Salbutamol-inteli

INSTRUCTIONS FOR MEDICAL USE OF THE MEDICINAL PRODUCT SАLBUTAMOL-INTELI (SALBUTAMOL-INTELI)

Composition:

Active substance: salbutamol;

One dose contains salbutamol (as sulfate) 100 mcg;

Excipients: oleic acid, anhydrous ethanol, 1,1,1,2-tetrafluoroethane (HFA-134a).

Pharmaceutical form. Pressurized inhalation, suspension.

Main physico-chemical characteristics: white pressurized metered-dose aerosol suspension for 200 doses (10 ml).

Pharmacotherapeutic group. Drugs for treatment of obstructive airway diseases. Selective β2-adrenoreceptor agonists. ATC code R03AC02.

Pharmacological properties.

Pharmacodynamics.

Salbutamol is a selective β2-adrenergic receptor agonist. At therapeutic doses, it acts on β2-adrenergic receptors of bronchial smooth muscle, providing rapid (within 5 minutes) and short-acting (4–6 hours) bronchodilation in patients with reversible airway obstruction.

Pharmacokinetics.

After inhaled administration, 10 to 20% of the administered dose reaches the lower respiratory tract. The remainder remains in the inhalation device or in the oropharynx, from where it is swallowed. Part of the dose reaching the airways is absorbed into lung tissue and enters systemic circulation but is not metabolized in the lungs.

After entering systemic circulation, the drug is metabolized in the liver and is primarily excreted by the kidneys, both unchanged and as a phenolsulfate metabolite.

The portion of the dose swallowed from the oropharynx is absorbed from the gastrointestinal tract, undergoes first-pass metabolism in the liver to the phenolsulfate compound, and is then excreted by the kidneys. Most of the drug is eliminated from the body within 72 hours. Plasma protein binding is 10%.

Clinical characteristics.

Indications.

Short-term (4 to 6 hours) bronchodilation with rapid onset (within approximately 5 minutes) in airway obstruction.

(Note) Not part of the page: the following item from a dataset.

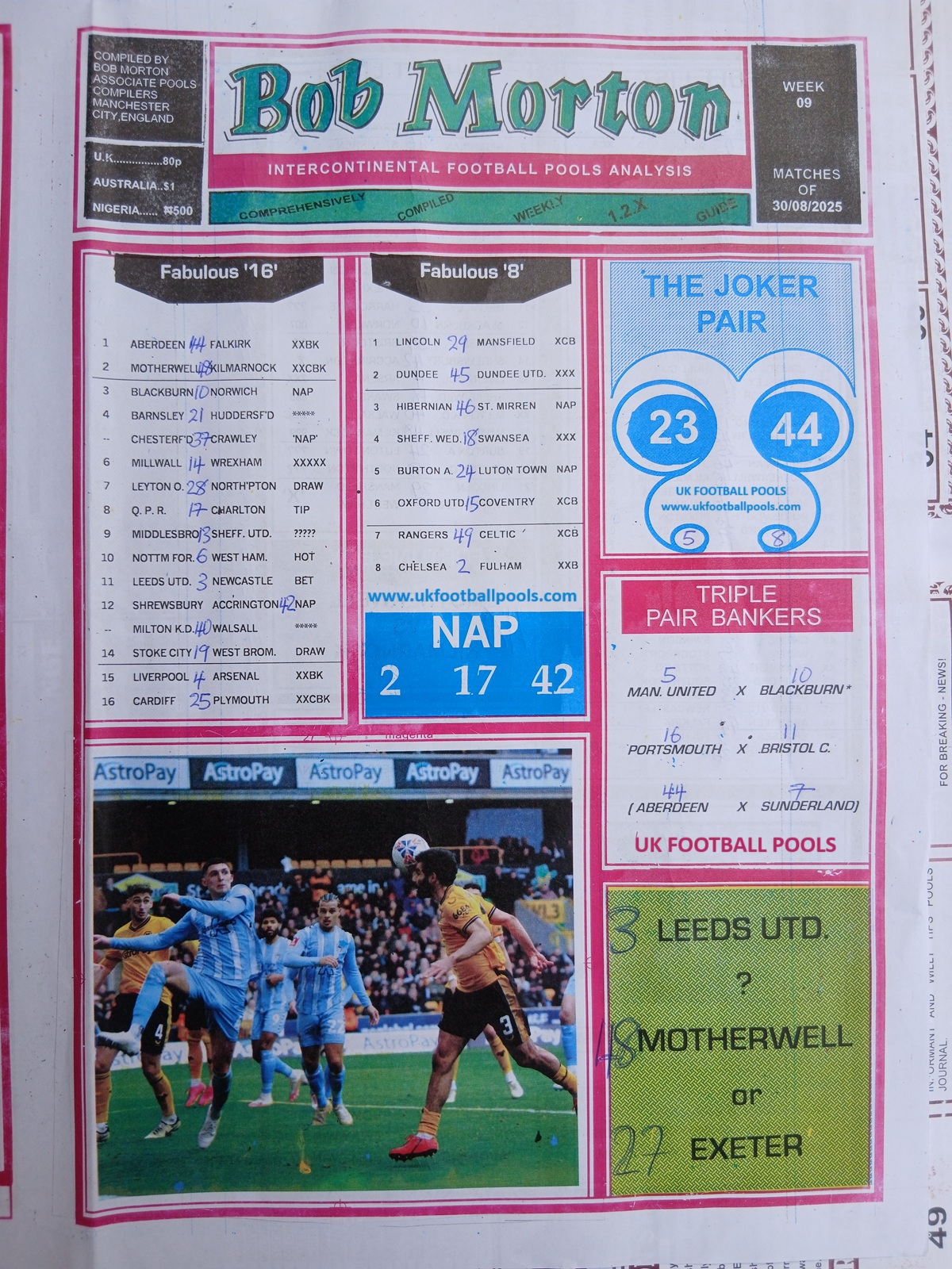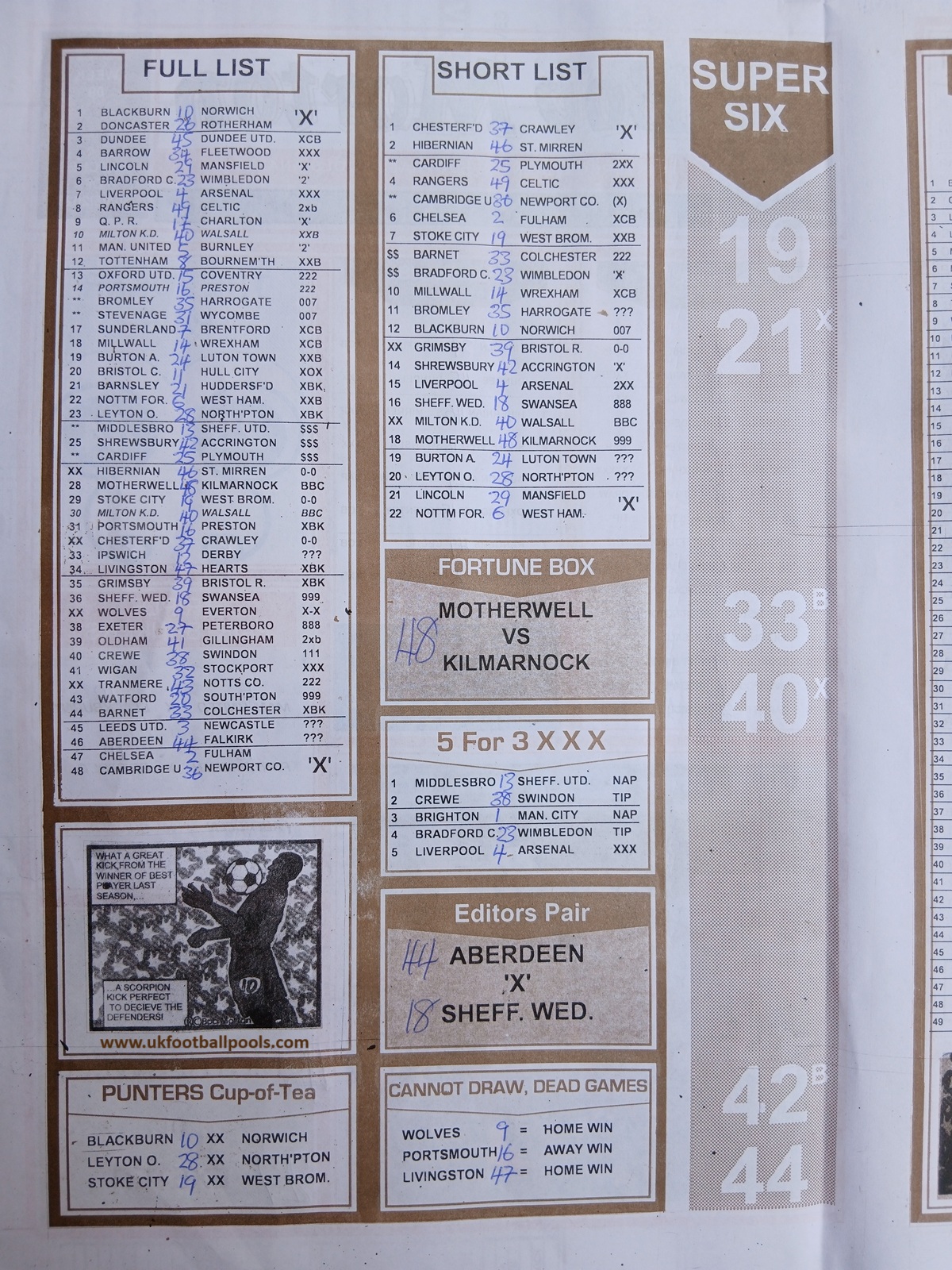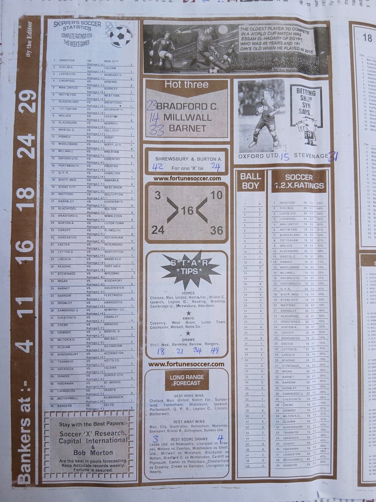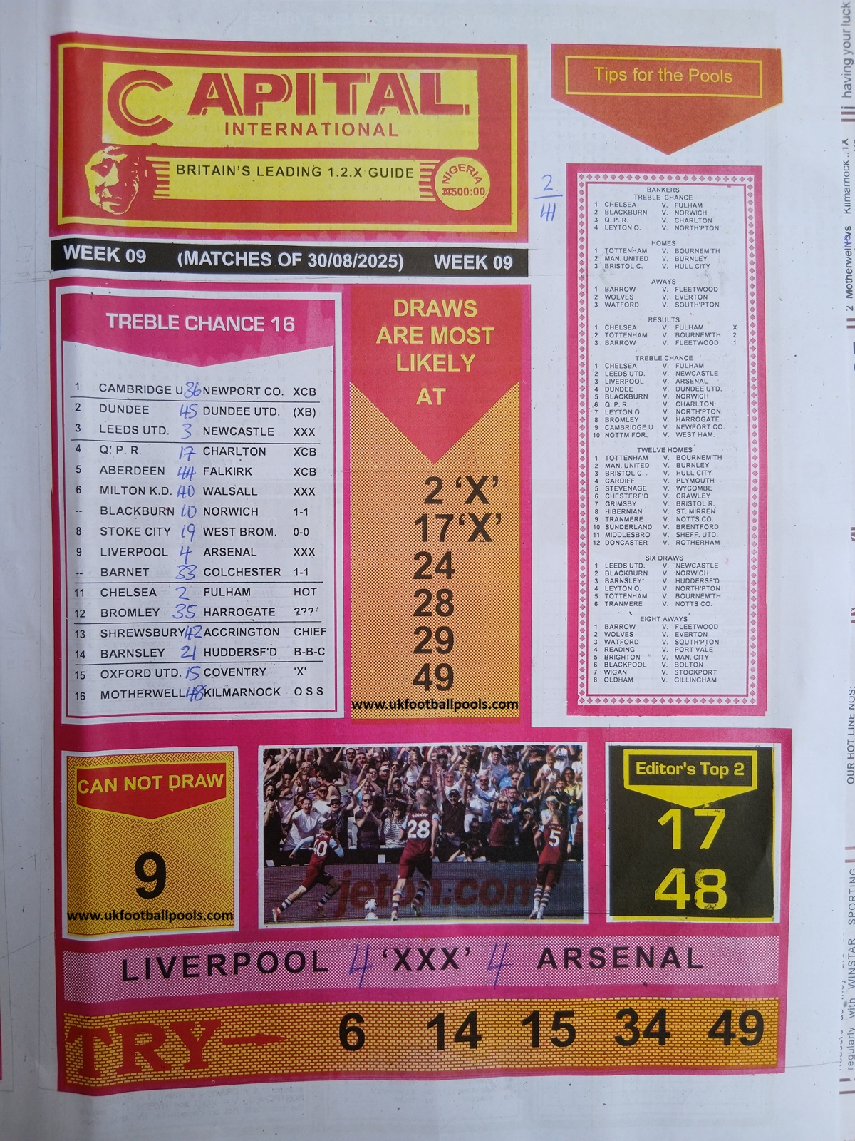 SPECIAL ADVANCE AND RIGHT ON FOOTBALL FIXTURES

Relief of asthma attacks in diseases associated with reversible airway obstruction, such as bronchial asthma.

Prevention of bronchospasm attacks caused by allergens or physical exertion.

As part of combination therapy in patients with bronchial asthma.

Contraindications.

Hypersensitivity to any component of the medicinal product. Salbutamol dosage forms not intended for intravenous administration must not be used to suppress uncomplicated preterm labor or threatened abortion.

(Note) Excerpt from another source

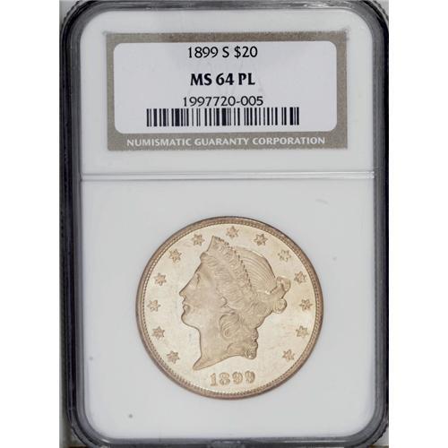 <B>1899-S<$20> MS64 Prooflike NGC.</B></I> An impressive near-Gem with canary-gold mirrored fields. The strike is exacting save for a few right-side obverse star centers. No marks require mention, and the overall appearance is smooth and attractive. A significant find for the Prooflike Liberty twenty collector. Census: 2 in 64 Prooflike, none finer (9/06).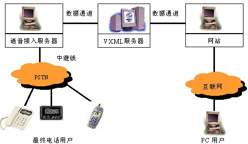 IVIP以VoiceXML為核心技術(shù)。VoiceXML是基于XML的國際標準語音可擴展標識語言,它象HTML定義圖形化網(wǎng)頁界面一樣定義了語音界面。

Interaction with other medicinal products and other forms of interaction.

Salbutamol must not be used concomitantly with non-selective β-blockers, such as propranolol (including ophthalmic preparations containing β-blockers).

Concomitant use of salbutamol with monoamine oxidase inhibitors (MAO inhibitors) is not contraindicated.

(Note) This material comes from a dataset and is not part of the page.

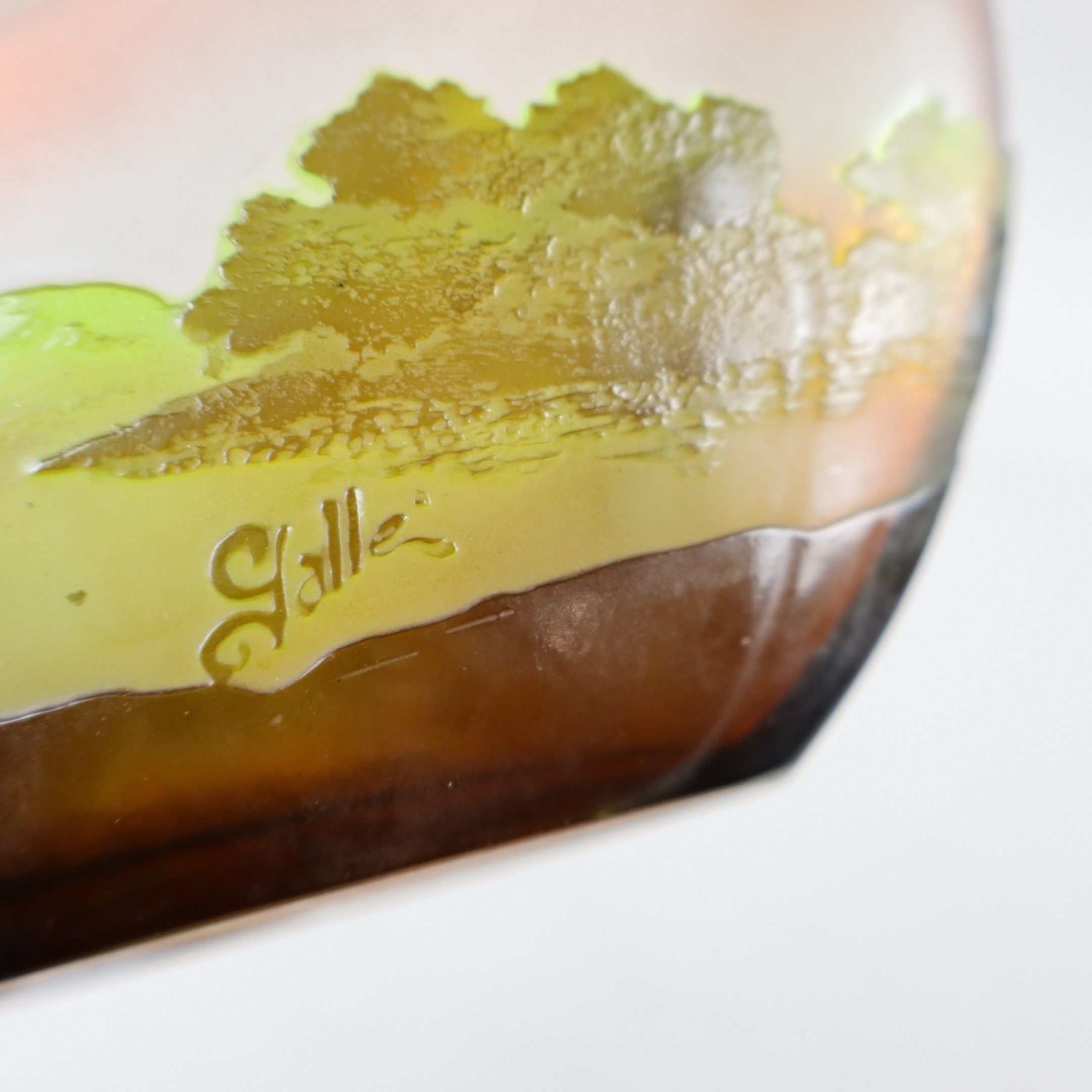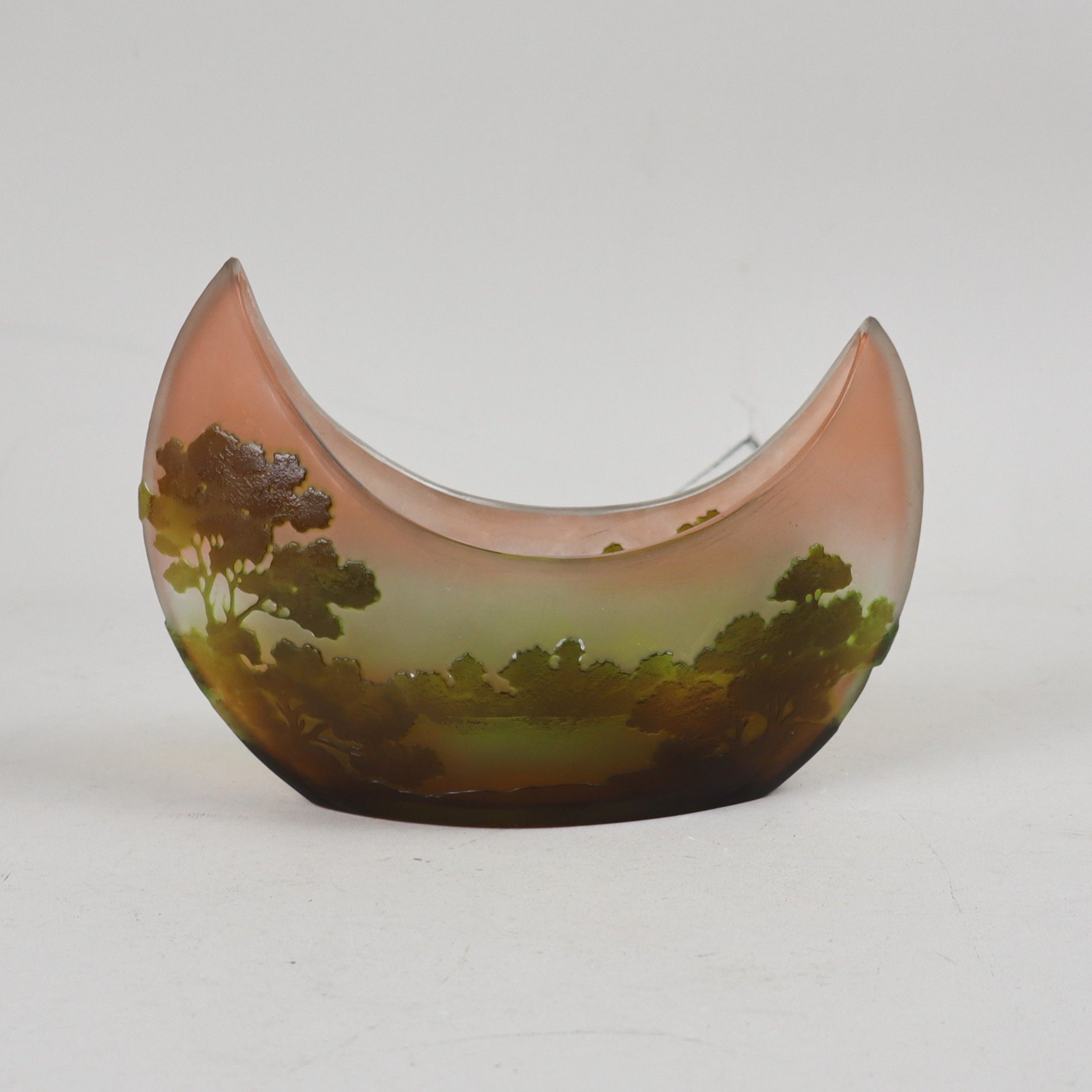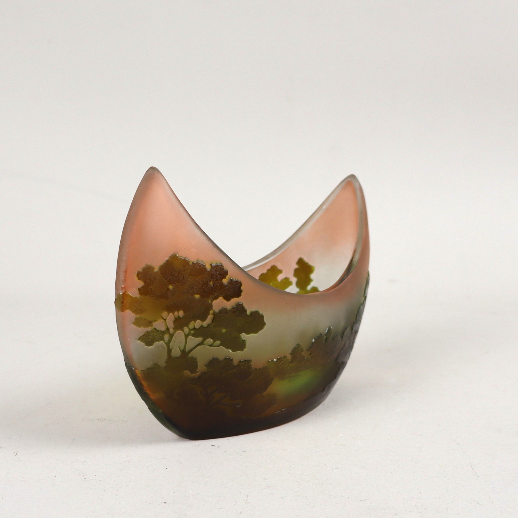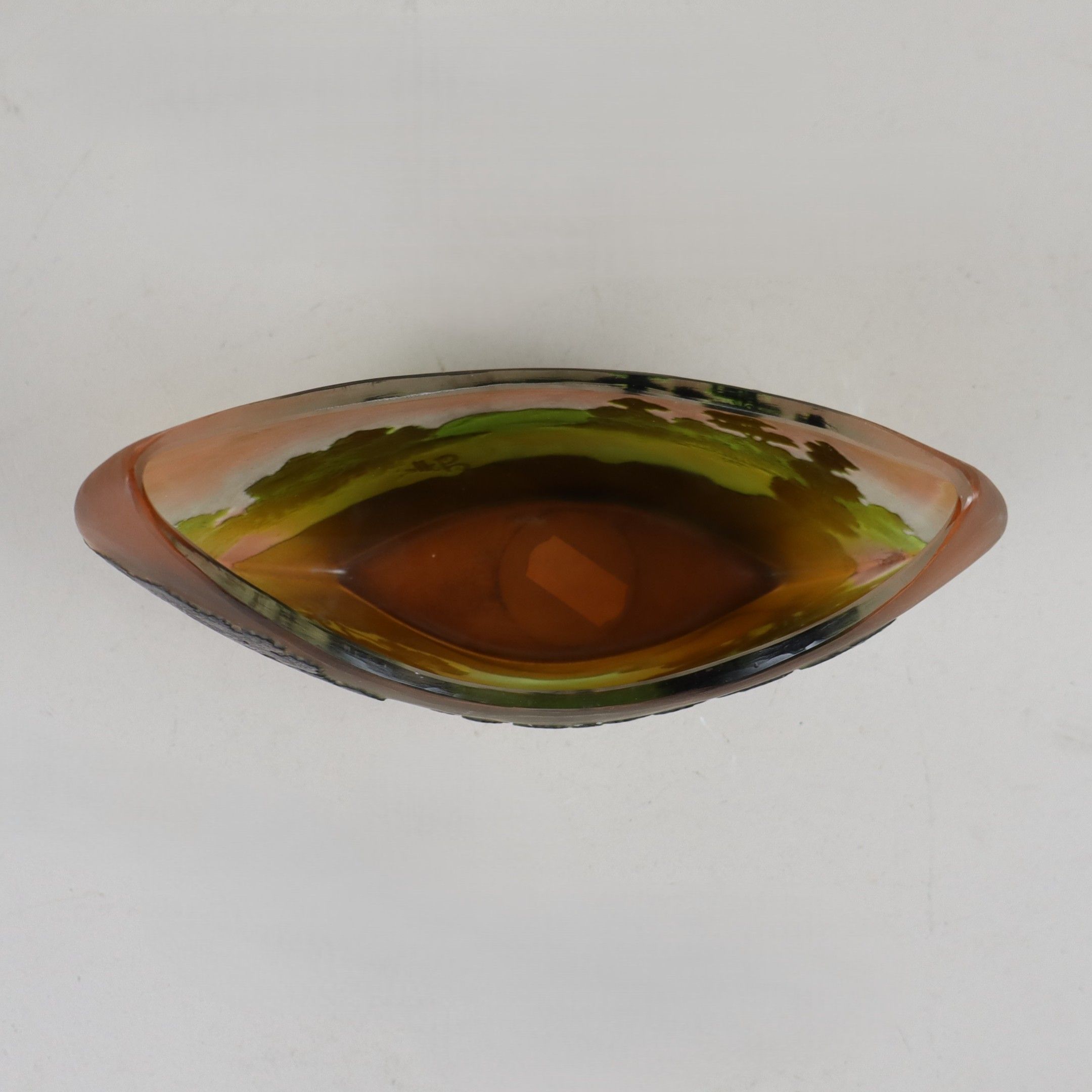 GALLE company. Multi-layered glass "navette" shaped bowl with acid-etched decoration of lakeside landscapes. Signed in the decoration. Early 20th century. 13 x 18 x 7 cm.

Special precautions for use.

To ensure optimal delivery of the medicinal product to the patient's lungs, the patient's inhalation technique should be checked. Patients should be informed that they may experience a different taste compared to that when using a previous inhaler.

Sudden and progressive worsening of bronchial asthma is a life-threatening condition requiring initiation or increase of corticosteroid therapy. Patients at risk are recommended to perform daily peak expiratory flow monitoring.

Asthma treatment is generally carried out according to a stepwise approach, which requires continuous clinical monitoring with pulmonary function tests.

Bronchodilators should not be the sole treatment method for patients with severe or unstable asthma. Severe asthma requires constant medical supervision, as such patients are at high risk of severe asthma attack. In such cases, the physician should consider the possibility of using the maximum recommended dose of inhaled or systemic corticosteroids.

Patients receiving regular anti-inflammatory therapy (e.g., inhaled corticosteroids) should be advised to continue taking anti-inflammatory medications even when symptoms subside and they do not require salbutamol.

An increased frequency of using short-acting bronchodilators, particularly beta-2 agonists, to relieve symptoms indicates worsening asthma control, and patients should be warned to seek medical help as soon as possible. In such cases, the patient's treatment plan should be reassessed.

Excessive use of short-acting beta-agonists may mask the progression of the underlying disease and contribute to worsening asthma control, increasing the risk of severe asthma exacerbations and mortality.

Patients using salbutamol more than twice a week "as needed," excluding prophylactic use before physical exertion, should undergo re-evaluation (e.g., daytime symptoms, nocturnal awakenings, and activity limitations due to asthma) for appropriate adjustment of therapy, as these patients belong to the risk group for excessive salbutamol use.

If a previously effective inhaled dose of salbutamol fails to relieve symptoms for at least 3 hours, the patient should be advised to consult a physician. Dose or frequency increases should only be made by a physician.

To enhance treatment efficacy, patients should be trained in correct inhaler use, and the inhaler should initially be used under medical supervision.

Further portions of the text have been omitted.